#### Task input ####

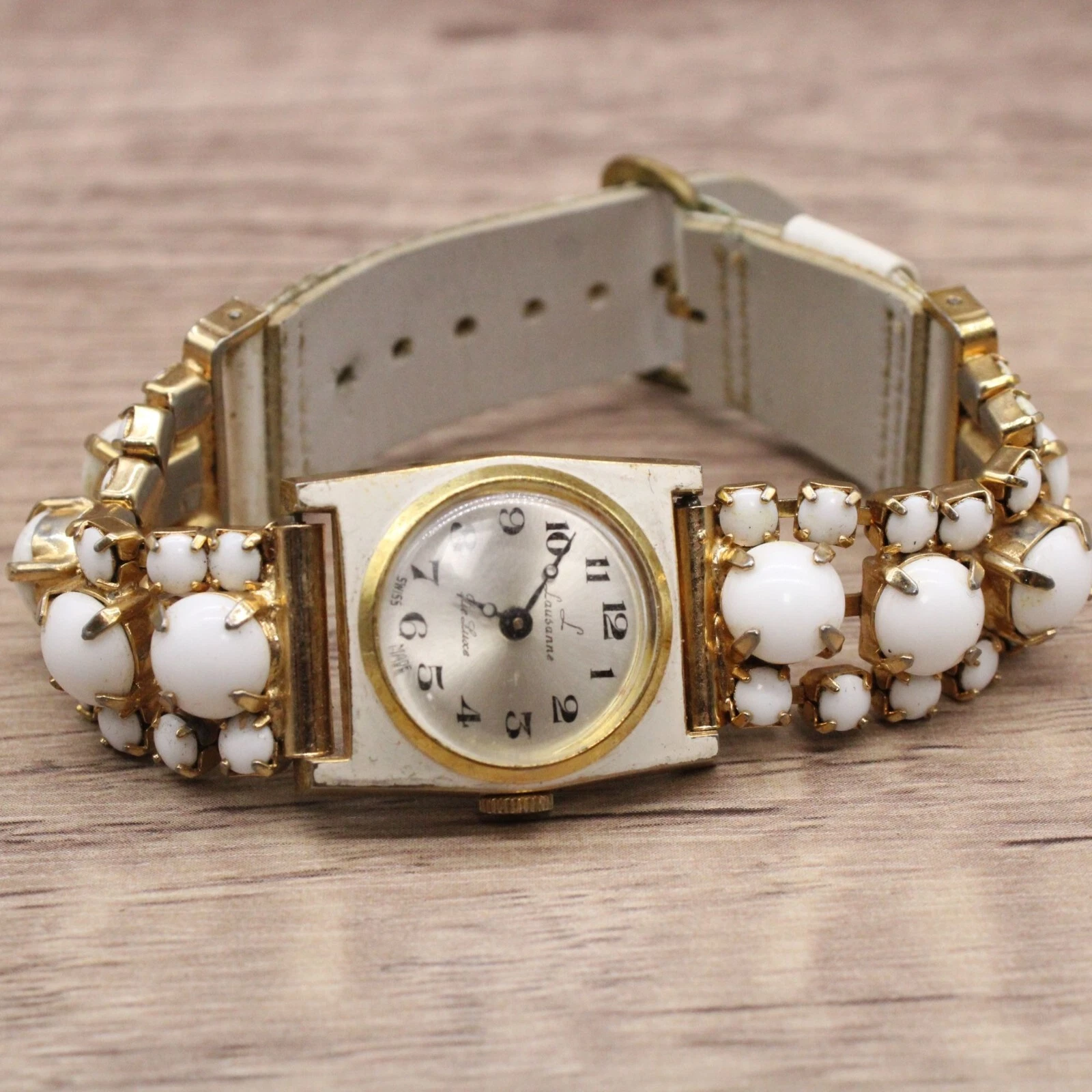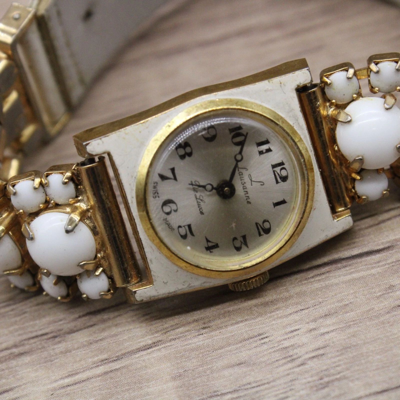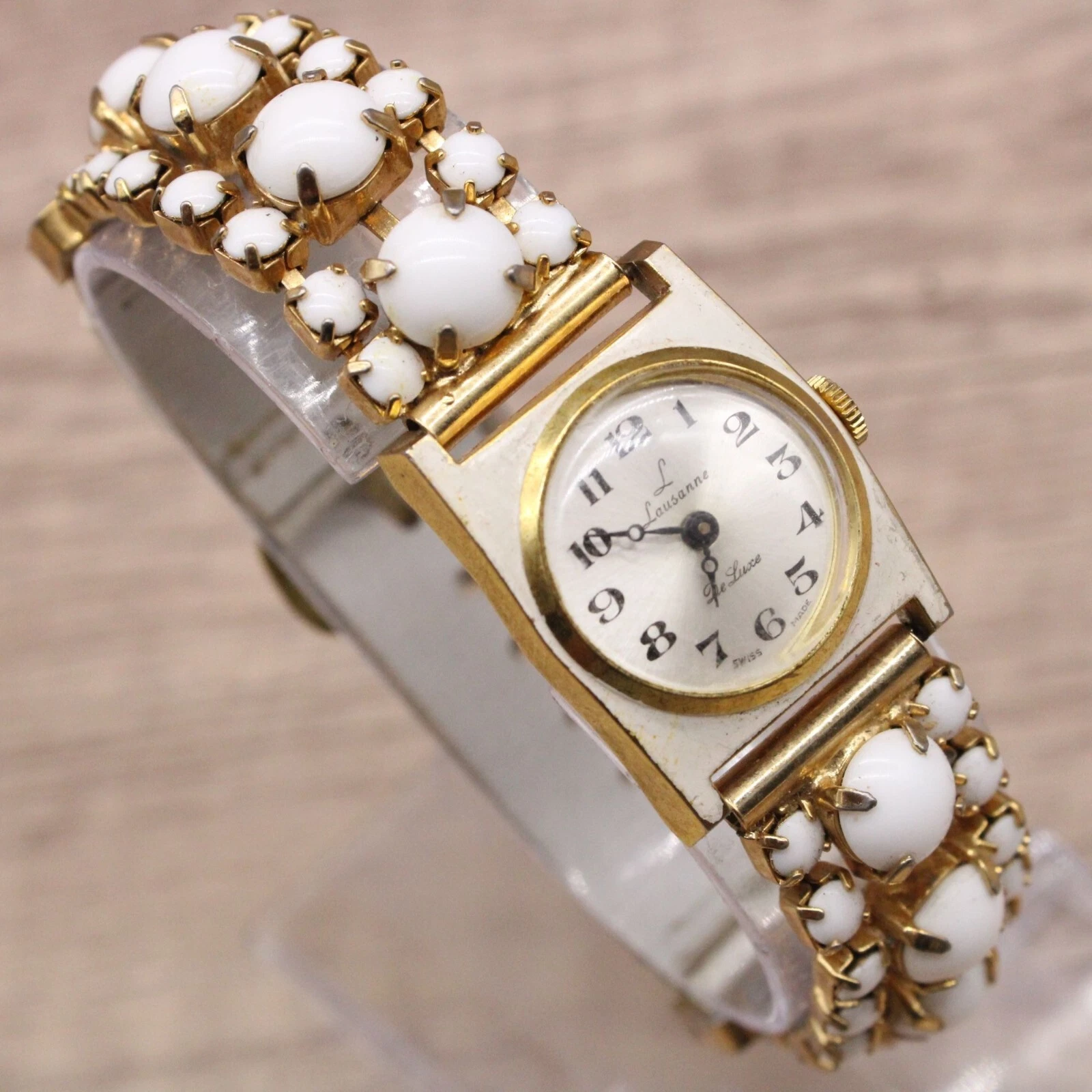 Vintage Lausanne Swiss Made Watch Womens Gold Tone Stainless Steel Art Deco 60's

####
#### Task input ####

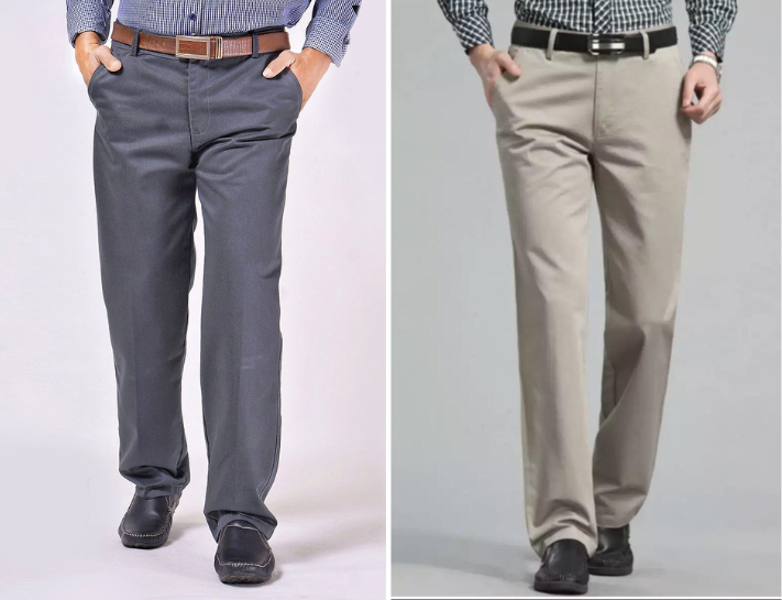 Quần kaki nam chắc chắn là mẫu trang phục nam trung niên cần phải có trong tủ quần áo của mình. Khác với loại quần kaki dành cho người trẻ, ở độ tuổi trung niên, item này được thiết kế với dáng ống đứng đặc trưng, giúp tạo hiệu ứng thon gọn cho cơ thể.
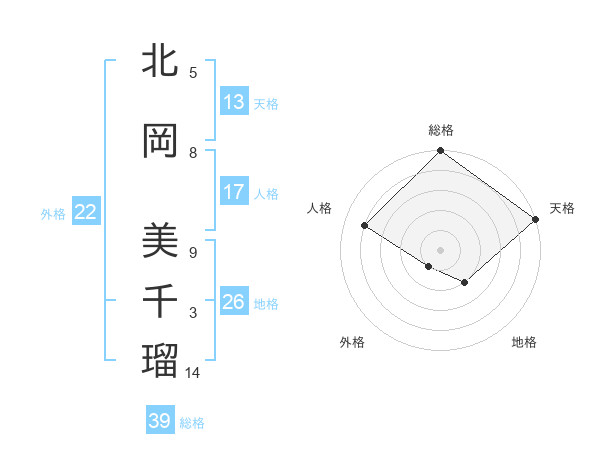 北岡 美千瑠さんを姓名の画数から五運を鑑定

####

→ **What is being asked**: Look above for the line with "Quần kaki nam" and the line with "北岡 美千瑠さんを姓名の画数から五運を鑑定". Give again exactly those two lines and all lines between them, pictures excluded.

→ **Task answer**:
 Quần kaki nam chắc chắn là mẫu trang phục nam trung niên cần phải có trong tủ quần áo của mình. Khác với loại quần kaki dành cho người trẻ, ở độ tuổi trung niên, item này được thiết kế với dáng ống đứng đặc trưng, giúp tạo hiệu ứng thon gọn cho cơ thể.
 北岡 美千瑠さんを姓名の画数から五運を鑑定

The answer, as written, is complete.